Personal information
- Born: October 4, 1964 (age 61) Cleveland, Ohio, U.S.
- Listed height: 6 ft 1 in (1.85 m)
- Listed weight: 225 lb (102 kg)

Career information
- High school: Fairview (Fairview Park, Ohio)
- College: Benedictine
- NFL draft: 1987 (3rd round, 78th overall pick)

Career history
- Buffalo Bills (1987–1991);

Career NFL statistics
- Rushing yards: 901
- Rushing average: 3.8
- Rushing touchdowns: 4
- Stats at Pro Football Reference

= Jamie Mueller =

American football player (born 1964)

Jamie F. Mueller (born October 4, 1964) is an American former professional football player who was a running back for the Buffalo Bills of the National Football League (NFL) from 1987 to 1991.

== Career ==
Mueller played college football at Benedictine College in Atchison, Kansas where he was a two-time NAIA All-American.
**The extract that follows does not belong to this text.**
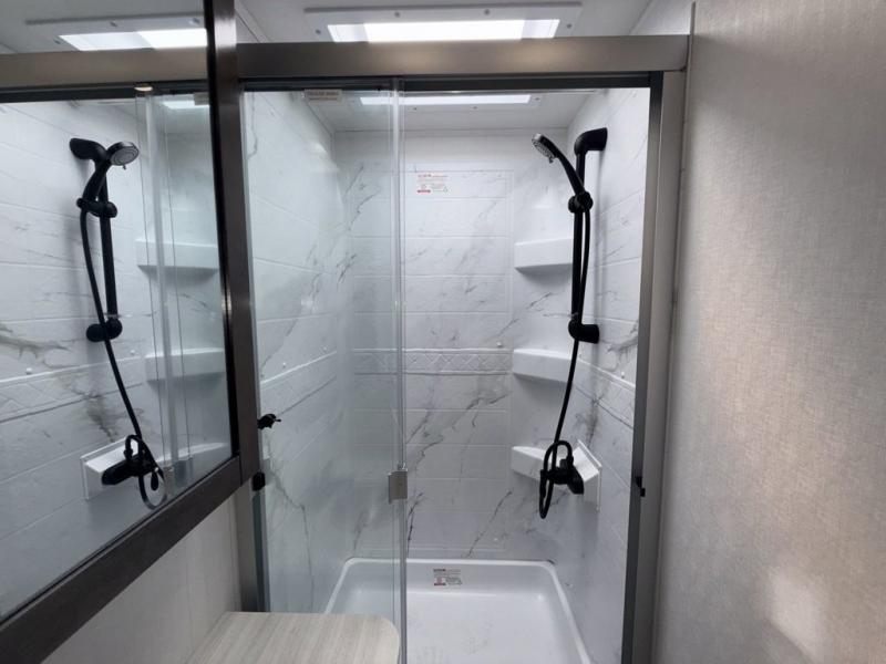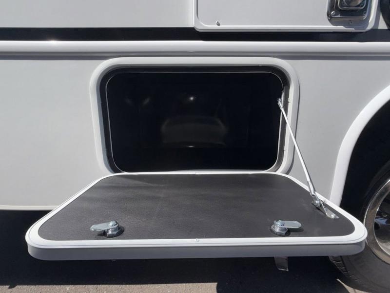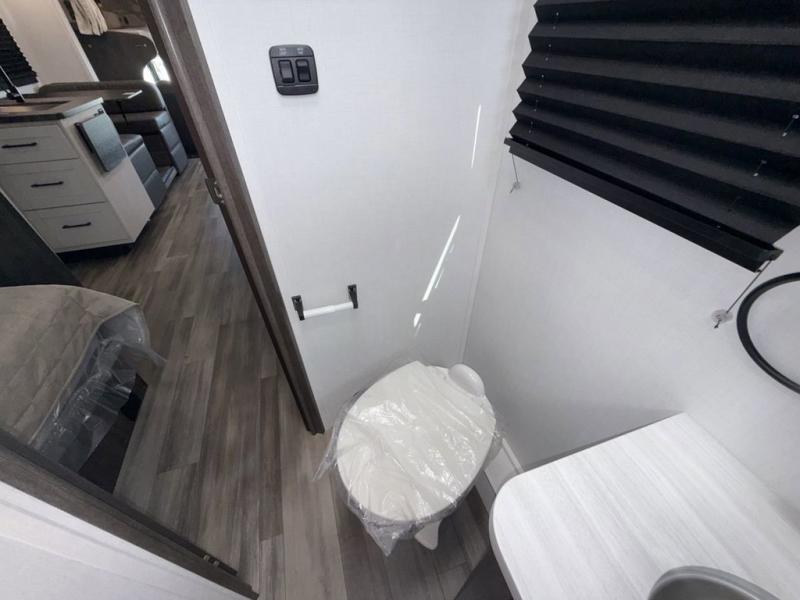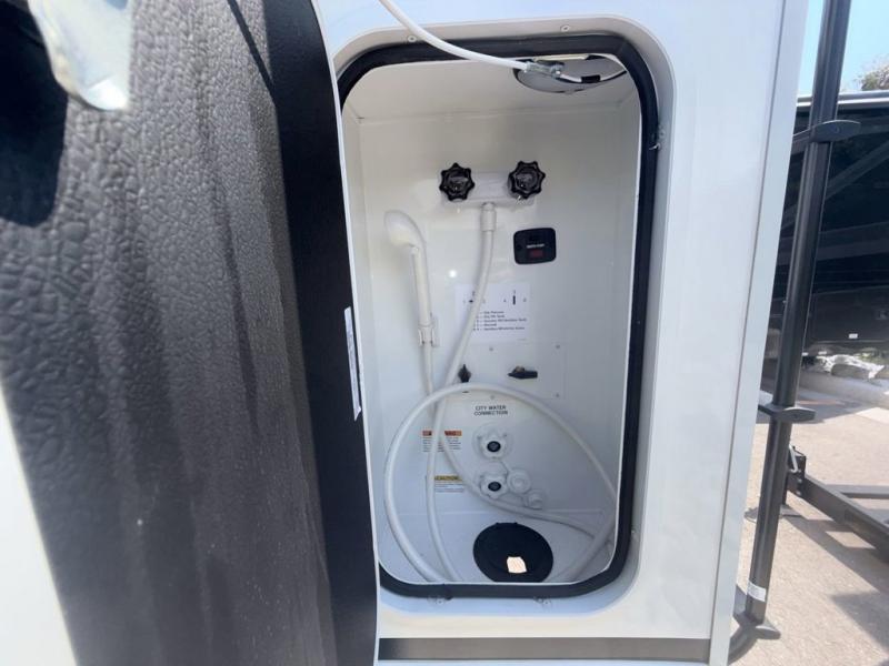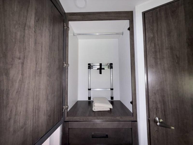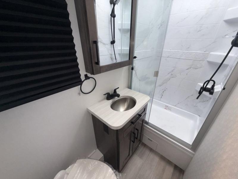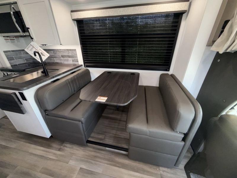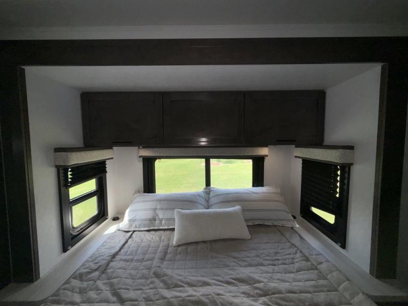 Sleep like a king after driving the scenic byways, hiking the trails and exploring the campgrounds. The rear bedroom offers a king bed slide, a wardrobe, a TV option, and a sliding door to close off the bedroom with an additional wardrobe and the corner full bathroom. The combined kitchen and living area is spacious thanks to another slide which includes a booth dinette, and kitchen amenities including a counter extension, sink, the Furrion all-in-one-cooktop and oven and a residential-size microwave. And the 8 cu. ft. refrigerator and pantry are next to the sofa so you can easily grab a beverage before sitting down. The furniture doubles as sleeping space, and the cab-over bunk is always available.

He rushed for 4,038 yards, gained 4,221 total offensive yards, and scored 29 touchdowns in his four seasons.

Mueller was a third round draft pick by the Buffalo Bills in the 1987 NFL Draft. He played in 57 career games for Buffalo, with 38 starts. He had 238 rushes, accumulating 901 yards and 4 rushing touchdowns and 1 receiving TD. He started as fullback in Super Bowl XXV vs. the NY Giants.

As a rookie, he was Buffalo's second-leading ground gainer and a leading special teams player every year. Mueller averaged 3.8 yards per attempt and 15.8 yards per game. His longest career run was 20 yards. With 4.2 attempts per game, Mueller also tacked up 28 receptions for 169 yards and a touchdown in his career, with a 6.0 yard per reception average. His longest career reception was of 30 yards.
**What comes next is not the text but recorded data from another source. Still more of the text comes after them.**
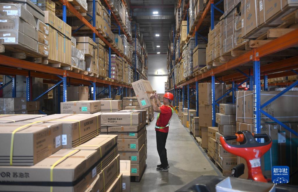 工作人員在位于廣州市開發區的京東倉庫里搬運快遞包裹(9月15日攝)。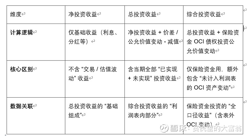 净投资收益 →(+短期波动)→ 总投资收益 →(+长期账面变动)→ 综合投资收益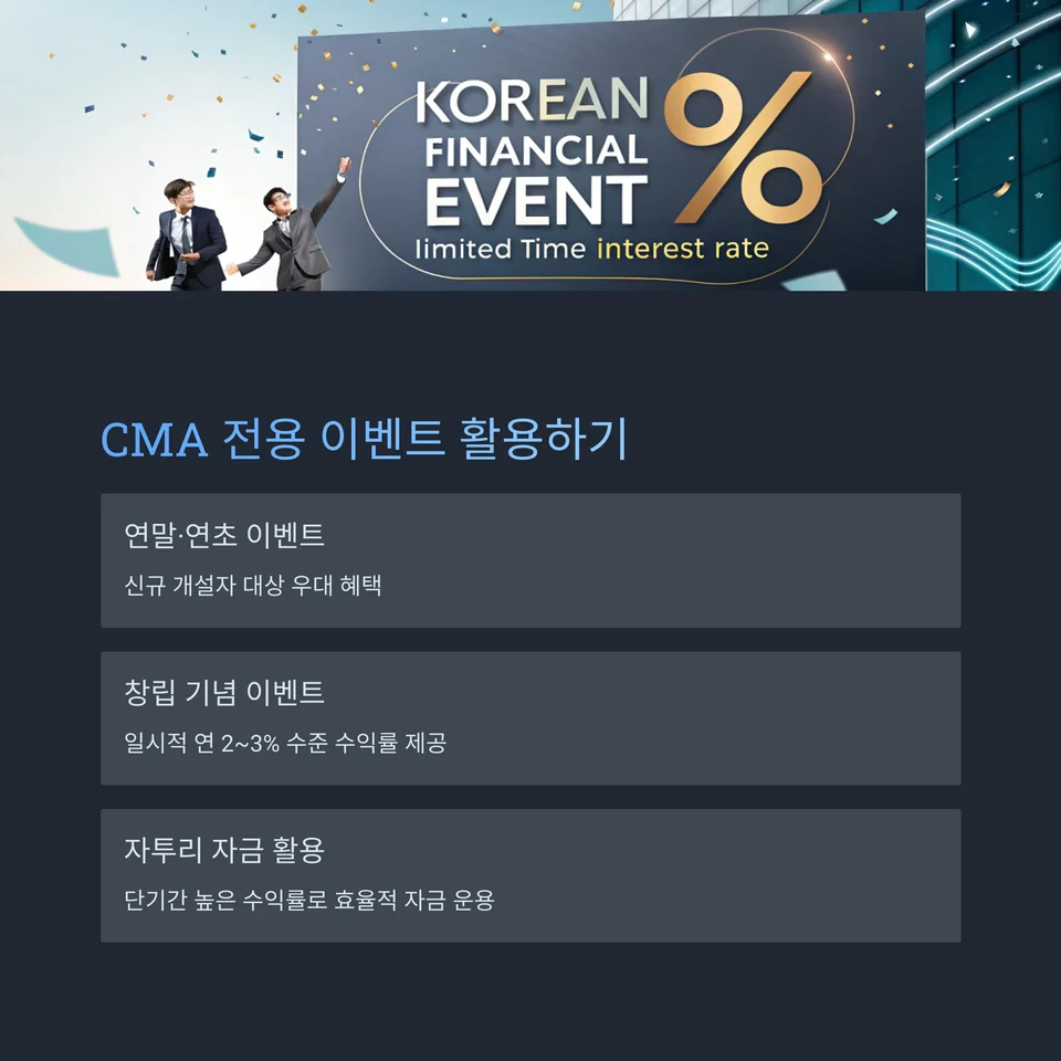 특정 기간에 신규 개설자 대상으로 CMA 우대 이벤트가 자주 진행됩니다.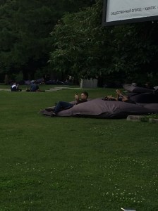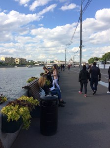 But the park was beautiful, serene and quiet. The greenery such a relief after the frenetic scenes of Red Square. We watched sweethearts walk by the River Moskva and people playing ping pong and lying on giant bean bags.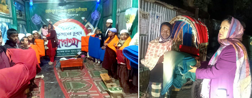 সিরাজগঞ্জের তাড়াশে তীব্র শীত উপেক্ষা করে গভীর রাতে শীতার্ত অসহায় মানুষের দোরগড়ায় গিয়ে হাতে হাতে কম্বল পৌঁছে দিলেন উপজেলা নির্বাহী কর্মকর্তা নুসরাত জাহান। বুধবার গভীর রাতে পৌর শহরের দক্ষিণ পাড়া মহল্লার নূরানী মাদ্রাসা,মঙ্গলবাড়িয়া হাফেজিয়া মাদ্রাস,সোলাপাড়া হাফিজিয়া মাদ্রাসার ছাত্র-শিক্ষক ও ছিন্নমূল সীতার্ত মানুষের দোরগোড়ায় গিয়ে নিজ হাতে কম্বল তুলে দেন তিনি।

One of his biggest plays came with Mueller catching last-minute touchdown Vs. the Jets in 1990, clinching home field throughout the playoffs.

He returned kicks for Buffalo on various occasions. In his career, he had 6 returns for 93 yards. His longest return was of 20 yards. Mueller had nine fumbles.
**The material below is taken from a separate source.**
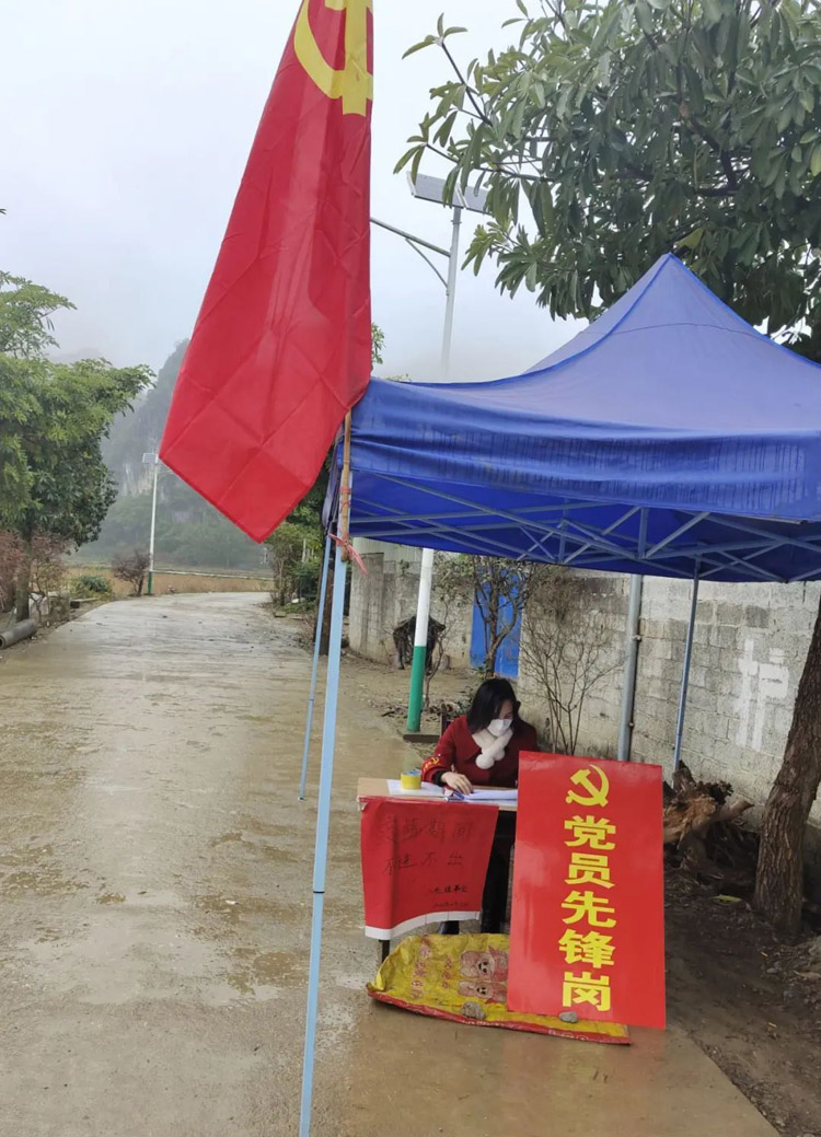 黃麗青,中共黨員,繼續(xù)教育與培訓(xùn)學(xué)院教師,在平果市馬頭鎮(zhèn)那塘村村委參加疫情防控志愿服務(wù)工作

He was one of the all-time strongest NFL players, with a power-lift triple total of 1,865 lbs.

- 700 lb squat
- 700 lb deadlift
- 465 lb bench

He ran 4.4-second 40-yard dash at 220 lbs.

Mueller was a leading blocker or runner in most critical short yardage situations with 80% success rate.

Mueller was awarded seven game balls in his career, which was ended by a neck injury.